* [TASK INSTRUCTIONS]:
No pictures should appear in the copy; otherwise retype the entries exactly.

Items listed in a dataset
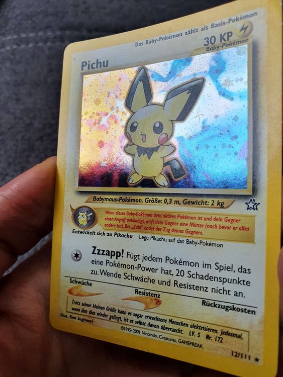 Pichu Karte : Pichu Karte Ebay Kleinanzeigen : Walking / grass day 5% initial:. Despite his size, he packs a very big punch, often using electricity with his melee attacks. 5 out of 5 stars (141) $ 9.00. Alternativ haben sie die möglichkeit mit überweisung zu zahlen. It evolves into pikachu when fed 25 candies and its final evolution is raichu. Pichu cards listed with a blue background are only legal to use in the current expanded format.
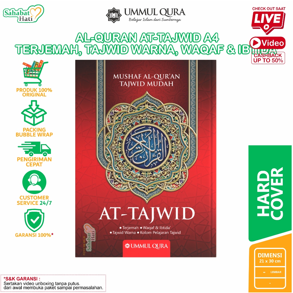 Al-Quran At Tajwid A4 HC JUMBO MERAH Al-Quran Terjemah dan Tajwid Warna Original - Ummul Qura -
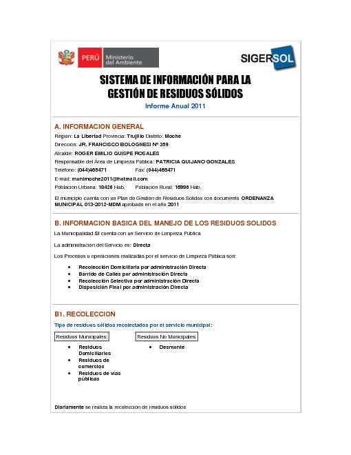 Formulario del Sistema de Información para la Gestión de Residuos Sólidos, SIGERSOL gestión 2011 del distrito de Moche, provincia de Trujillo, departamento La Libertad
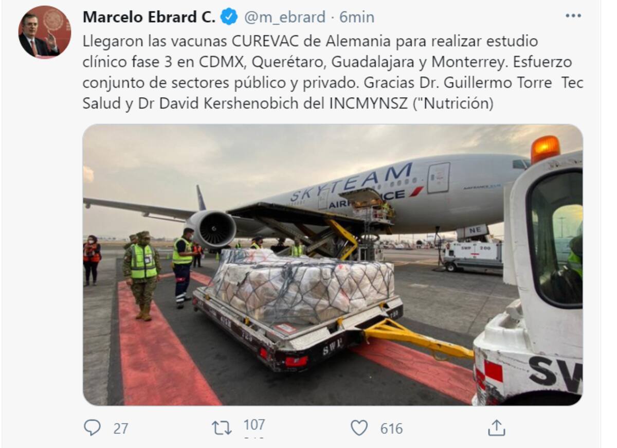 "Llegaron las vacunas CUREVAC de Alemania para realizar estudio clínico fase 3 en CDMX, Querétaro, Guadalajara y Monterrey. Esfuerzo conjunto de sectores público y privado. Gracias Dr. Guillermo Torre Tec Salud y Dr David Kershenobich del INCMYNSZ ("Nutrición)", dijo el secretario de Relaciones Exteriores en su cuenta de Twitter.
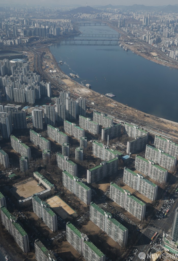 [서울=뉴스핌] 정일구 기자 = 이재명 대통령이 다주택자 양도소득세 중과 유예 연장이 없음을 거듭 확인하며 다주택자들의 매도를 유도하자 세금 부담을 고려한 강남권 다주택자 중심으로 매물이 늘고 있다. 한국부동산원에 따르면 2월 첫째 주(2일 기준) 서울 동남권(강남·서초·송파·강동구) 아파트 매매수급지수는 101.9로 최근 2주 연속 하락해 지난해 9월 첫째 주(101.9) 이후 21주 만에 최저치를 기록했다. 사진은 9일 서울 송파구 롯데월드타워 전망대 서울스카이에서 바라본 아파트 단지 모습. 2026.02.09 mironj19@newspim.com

* [SOLUTION FOR THIS EXERCISE]:
 Pichu Karte : Pichu Karte Ebay Kleinanzeigen : Walking / grass day 5% initial:. Despite his size, he packs a very big punch, often using electricity with his melee attacks. 5 out of 5 stars (141) $ 9.00. Alternativ haben sie die möglichkeit mit überweisung zu zahlen. It evolves into pikachu when fed 25 candies and its final evolution is raichu. Pichu cards listed with a blue background are only legal to use in the current expanded format.
 Al-Quran At Tajwid A4 HC JUMBO MERAH Al-Quran Terjemah dan Tajwid Warna Original - Ummul Qura -
 Formulario del Sistema de Información para la Gestión de Residuos Sólidos, SIGERSOL gestión 2011 del distrito de Moche, provincia de Trujillo, departamento La Libertad
 "Llegaron las vacunas CUREVAC de Alemania para realizar estudio clínico fase 3 en CDMX, Querétaro, Guadalajara y Monterrey. Esfuerzo conjunto de sectores público y privado. Gracias Dr. Guillermo Torre Tec Salud y Dr David Kershenobich del INCMYNSZ ("Nutrición)", dijo el secretario de Relaciones Exteriores en su cuenta de Twitter.
 [서울=뉴스핌] 정일구 기자 = 이재명 대통령이 다주택자 양도소득세 중과 유예 연장이 없음을 거듭 확인하며 다주택자들의 매도를 유도하자 세금 부담을 고려한 강남권 다주택자 중심으로 매물이 늘고 있다. 한국부동산원에 따르면 2월 첫째 주(2일 기준) 서울 동남권(강남·서초·송파·강동구) 아파트 매매수급지수는 101.9로 최근 2주 연속 하락해 지난해 9월 첫째 주(101.9) 이후 21주 만에 최저치를 기록했다. 사진은 9일 서울 송파구 롯데월드타워 전망대 서울스카이에서 바라본 아파트 단지 모습. 2026.02.09 mironj19@newspim.com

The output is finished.